= Laura Schaposnik =

Argentine and American mathematician

Laura Patricia Schaposnik Massolo (born 1985) is an Argentine and American mathematician working in algebraic geometry and mathematical physics. She is a professor in the Department of Mathematics, Statistics, and Computer Science at the University of Illinois Chicago.

==Education and career==
Schaposnik was born in 1985 in La Plata. She became a mathematics student at the National University of La Plata, where she received a licenciate (the Argentine equivalent of a master's degree) in 2008. She finished her studies early, as the top student of her year at the National University of La Plata, and became known as "la chica 10" for her perfect scores in all her exams. During her studies, she was also a piano student at the Gilardo Gilardi Conservatory of Music, and won a medal in a digital photography competition at the university.

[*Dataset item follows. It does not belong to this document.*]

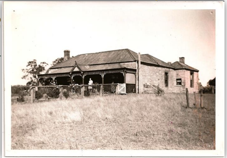
'Updown Park' - the Deane family farm.

the Exchange who would spread the word of a bushfire. Farmers in the district had their own fire units, which were used at various incidents.

She continued her studies in mathematics at the University of Oxford in England, as a member of New College, Oxford, under the supervision of Nigel Hitchin. Her 2013 doctoral dissertation was Spectral data for G-Higgs bundles. During this period she also worked as a lecturer and research assistant at Oxford and the University of Heidelberg in Germany.

Next, she became a postdoctoral researcher and L. Doob Research Assistant Professor at the University of Illinois Urbana-Champaign from 2013 to 2015. In 2015, she took an assistant professorship at the University of Illinois Chicago; she was promoted to associate professor in 2018 and full professor in 2022.

==Research==
Schaposnik research topics include the geometry of moduli spaces of Higgs bundles and Hitchin systems, and their connections to the theory of branes in mathematical physics.

She has also studied topics in the applications of mathematics to behavioral science, bio-inspired computing, and patterns in nature, including rumor spread in social networks, gender patterns in how people carry their cellphones, and the structure and relations among viruses.

==Recognition==
Schaposnik was a 2025 recipient of the Presidential Early Career Award for Scientists and Engineers.

==Personal life==
Schaposnik is the daughter of two Argentine physicists, Fidel A. Schaposnik, and Claudia Patricia Massolo. Her brother, Fidel I. Schaposnik, is also a physicist. She is married to James Unwin, a physicist at the University of Illinois Chicago. they have two children.

Schaposnik is the author and publisher of several children's books in both Spanish and English, including Ene and the Magic Boxes: An Odyssey Through The World Of Artisans, and (with Unwin) Reaching for the Stars.